Mexico's new president, Andrés Manuel López Obrador, signed a decree Monday creating a truth and justice commission to investigate the 2014 disappearance and apparent killings of 43 students from a teachers college in the state of Guerrero.

"I will assure you there will be no impunity in this sad, painful case or in any other," said López Obrador.

Flanked by parents of the missing students, he said the truth commission will be an example of how "human rights will never be violated again."

The case of the missing students, who were from a rural teachers college in Ayotzinapa, reverberated internationally and cast a harsh spotlight on the actions of local authorities and later the national government, as questions loomed over the investigation.

On Sept. 26, 2014, local police in Iguala surrounded several buses the students had taken to attend a protest. Survivors said the police started shooting at unarmed students. After the incident, six people had been fatally shot and 43 student teachers could not be found.

According to an initial investigation by the Mexican government, the students were murdered after local police — at the behest of Iguala Mayor José Luis Abarca — handed them to a drug gang, Guerreros Unidos (United Warriors), which incinerated the bodies.
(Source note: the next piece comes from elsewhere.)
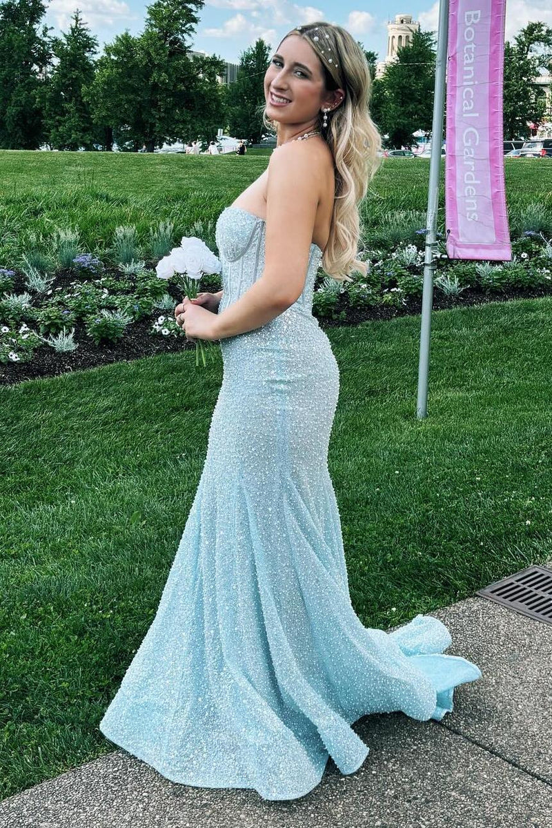 Strapless Blue Sequin Long Mermaid Prom Dress

But the government did not present conclusive evidence of the killings, and an international team of forensic scientists contradicted the official report, stating that suspects had been tortured illegally to obtain testimonies.

The commission will be headed by Deputy Secretary Alejandro Encinas, who is in charge of human rights as well as migration.

López Obrador has made ending "corruption and impunity" one of the cornerstones of his new government, as he said in his inaugural speech on Saturday.

On Sunday, Mexico's new president boarded a commercial airliner and flew coach, telling Telemundo in an interview that there will be no "lujos" — luxuries — in his government.